“Innovation strategy” is one of those compound business buzzwords that has been so overused that the eyes of many people whose careers depend on it glaze over when it pops up. Everyone talks about it, so it quickly is drained of any specificity or usefulness.
Needless to say, that’s unfortunate, because every company’s success depends on anticipating the future relationship their customers will want, and that relationship will always be based on the innovation strategy the company has employed to get them there.
I’d like to take a shot at reclaiming the underlying idea by drilling down to its rather simple essence. For now, it’s simply worth pointing out that there is in fact something called “innovation” in business, it has to do with successfully developing some new approach, and it’s required in an evolving world. By “successfully,” we’re acknowledging that the “coolness” of an approach to its inventors isn’t sufficient, but that it has to have value to end-users as well.
As for “strategy” the other over-used term, at its core, we’re talking about a way to arrive at innovation that’s more likely to make it successful in the market.

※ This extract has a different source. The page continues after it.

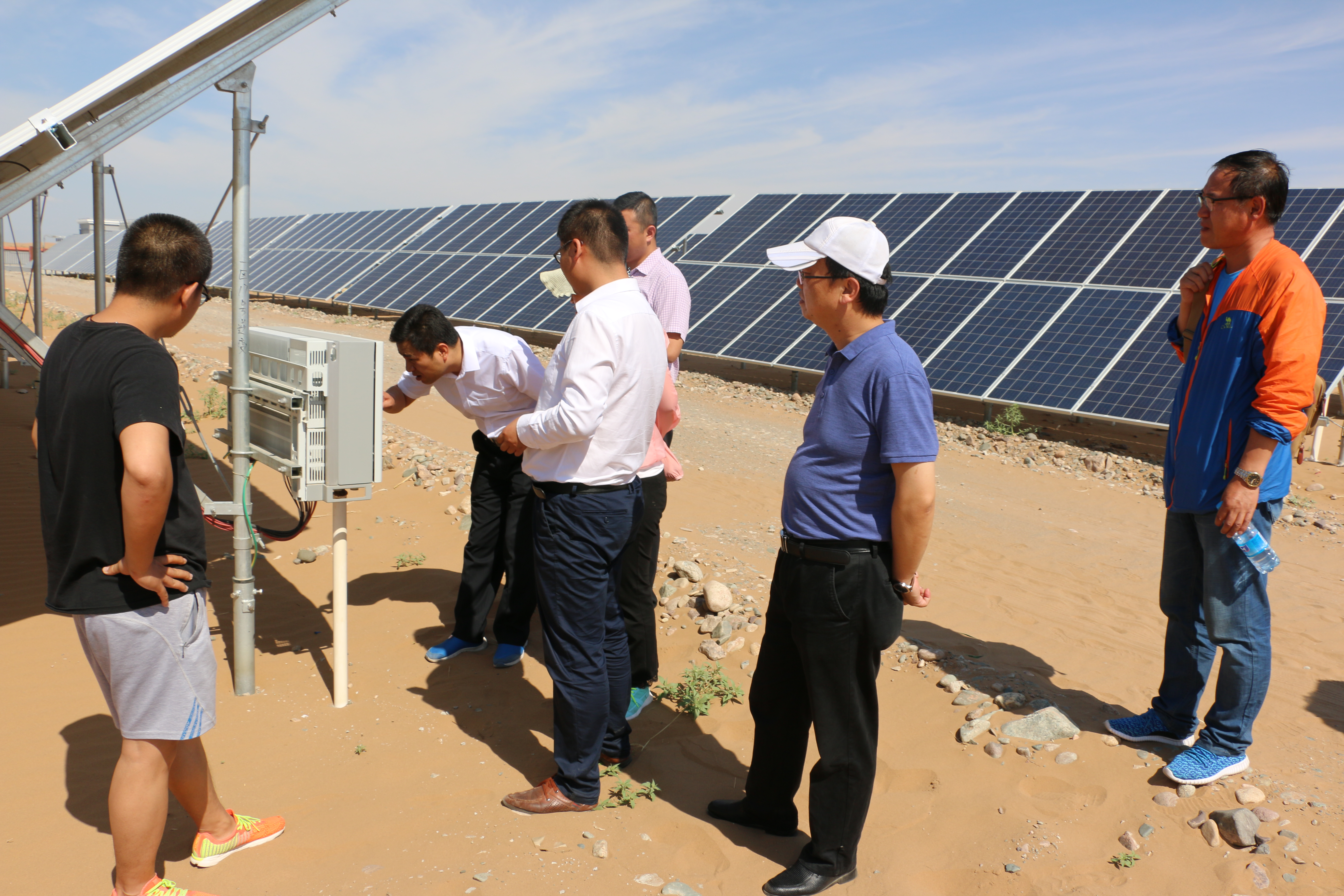 ? ? ?全體教師在電站技術(shù)人員帶領(lǐng)下,依次深入值班調(diào)度室、控制柜室、SVG室(無功功率補(bǔ)償)、110升壓變電站、開關(guān)柜室以及光伏陣列進(jìn)行觀摩學(xué)習(xí),全體教師在調(diào)度室查看監(jiān)控系統(tǒng),查看分析設(shè)備運(yùn)行情況等,通過現(xiàn)場培訓(xùn)學(xué)習(xí),使老師們近距離熟悉了光伏支架,組件陣列、逆變器、控制器、匯流箱、配電柜等設(shè)備的安裝施工,實踐學(xué)習(xí)了光伏系統(tǒng)集成設(shè)計以及并網(wǎng)技術(shù)等,特別是對光伏電站運(yùn)行安全操作規(guī)程進(jìn)行了系統(tǒng)掌握。

Bring the two together, and we have a surprisingly simple idea – “innovation strategy” is a means to reach or maintain business success with a new approach in the market.
Now that we’ve reclaimed “innovation strategy” by returning it to its essence, we can take on a more useful question, namely, what is the most effective way in which to develop such a strategy? I’d like to begin to answer that by paraphrasing a valued former colleague of ours, Darrel Rhea, who played a major role in bringing the ideas behind “design thinking” to the business world. Darrel has pointed out that there are three ways to innovate – through technology, business model, and/or customer insight.
In writings that follow, I’ll take up each of these methods, but, I’ll tip my hand a bit by arguing that innovating through customer insight is the method most likely to lead to success.